▶ Data records
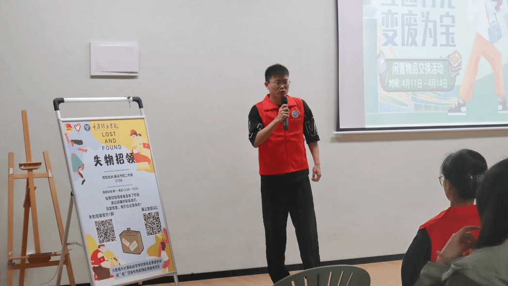 4月11日至4月13日参与活动的同学们进入群聊填写闲置物品交换表格,由工作人员收集整理。待所有参与者签到到齐后,主持人宣布活动开始。活动开始,首先由“送我回家”失物招领志愿服务专项支队队员向参与同学们介绍了这只支队,并向同学们讲解了如若捡到失物或丢失物品该如何处理,让这些丢失物品能更好更快地回到同学们身边。
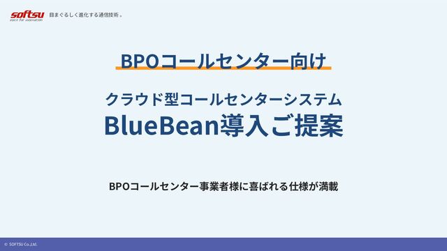 ⽬まぐるしく進化する通信技術 。 © SOFTSU Co.,Ltd. クラウド型コールセンターシステム BlueBean導⼊ご提案 BPOコールセンター事業者様に喜ばれる仕様が満載 BPOコールセンター向け
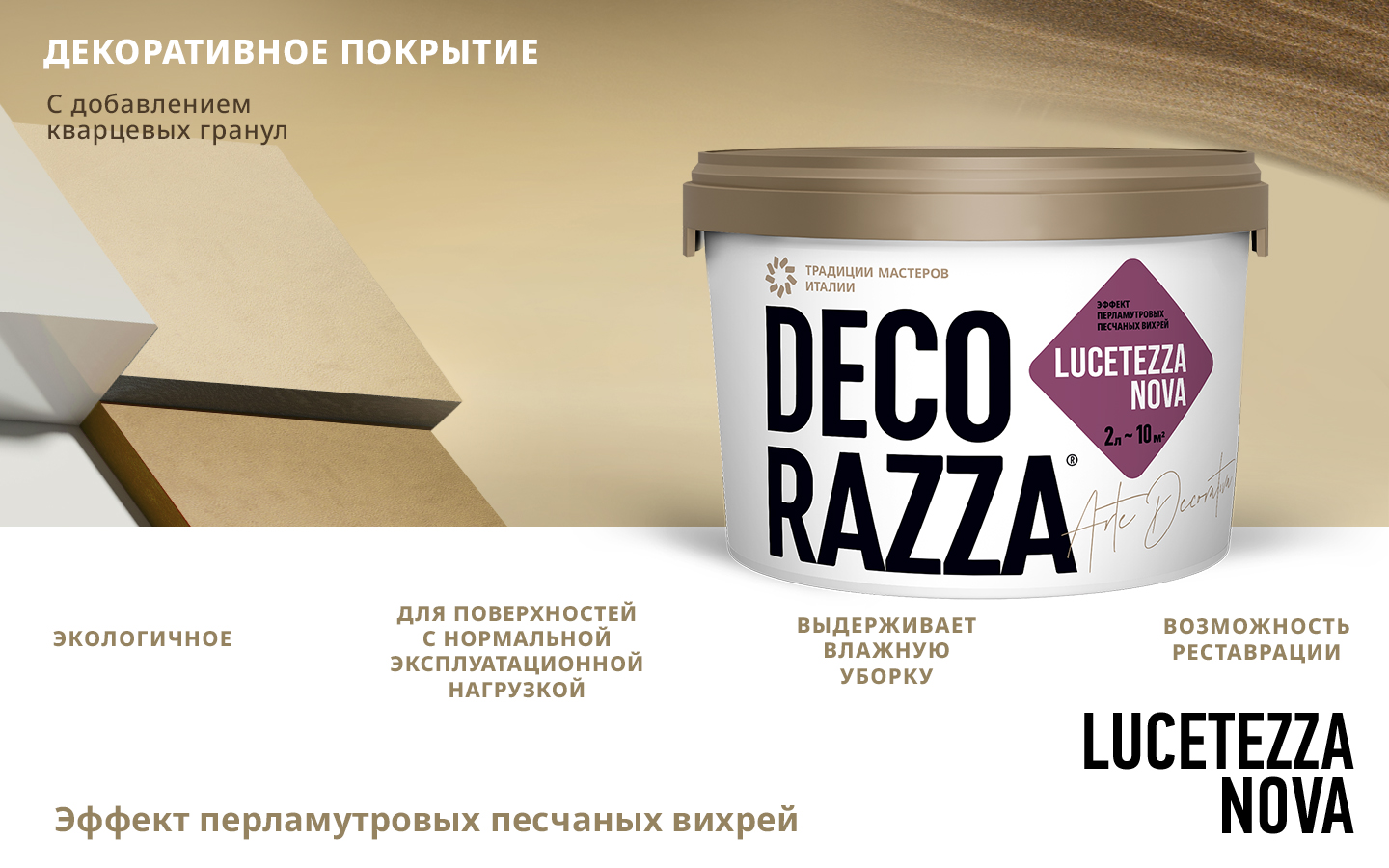 Декоративная краска Lucetezza с перламутром и кварцевыми частицами позволяет создавать запоминающиеся эффекты с переливами и переходами цвета, в том числе роскошный «Клондайк NERO» и брутальный декор «Сварные швы». Материал выпускается в 5 базах: серебро, золото, алюминий, бронза, медь, может колероваться в спокойные пастельные и яркие оттенки. Формируемое покрытие с легкой песчаной структурой устойчиво к влажной уборке, экологично, изысканно смотрится в классических и современных интерьерах фотостудий, гостиных, спален, прихожих, столовых в загородных домах, кабинетов и конференц-залов в офисах и на других объектах. Средний расход не превышает 0,2 л/м2.
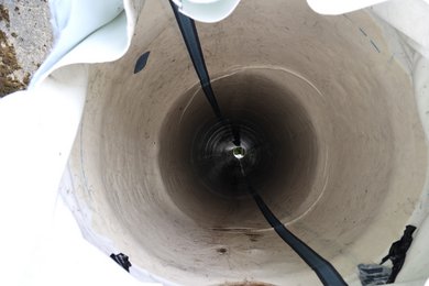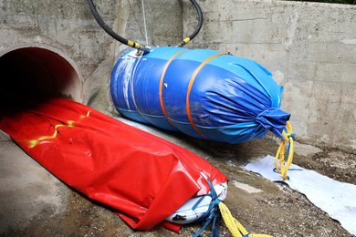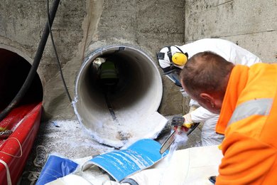 Im Tiefbauamt der Landkreisbehörde hatte man sich für ein sogenanntes Schlauchlining-Verfahren entschieden, das den großen Vorteil einer geringen Bauzeit aufweist. Der hierbei verwendete Synthesefaser-Liner ist flexibel und mit Epoxidharz getränkt. Durch Aufblasen mit heißem Dampf legt er sich optimal an die Rohrinnenwand an und stützt so die gerissenen Betonringe, nachdem er ausgehärtet ist.
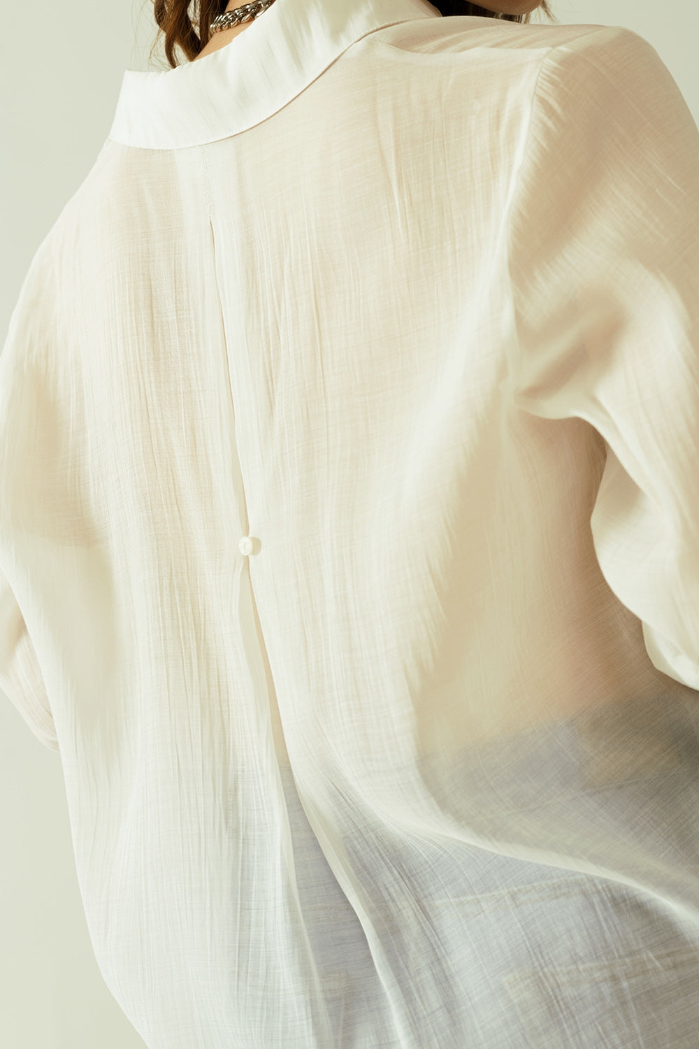 Camisa de tencel semitransparente con bolsillo en el pecho en color blanco

▶ WHAT YOU ARE ASKED TO DO
Once the line holding "Im Tiefbauamt der" is found, copy it and each later line exactly through the end of the data, leaving out the pictures.

▶ SOLUTION FOR THIS TASK
 Im Tiefbauamt der Landkreisbehörde hatte man sich für ein sogenanntes Schlauchlining-Verfahren entschieden, das den großen Vorteil einer geringen Bauzeit aufweist. Der hierbei verwendete Synthesefaser-Liner ist flexibel und mit Epoxidharz getränkt. Durch Aufblasen mit heißem Dampf legt er sich optimal an die Rohrinnenwand an und stützt so die gerissenen Betonringe, nachdem er ausgehärtet ist.
 Camisa de tencel semitransparente con bolsillo en el pecho en color blanco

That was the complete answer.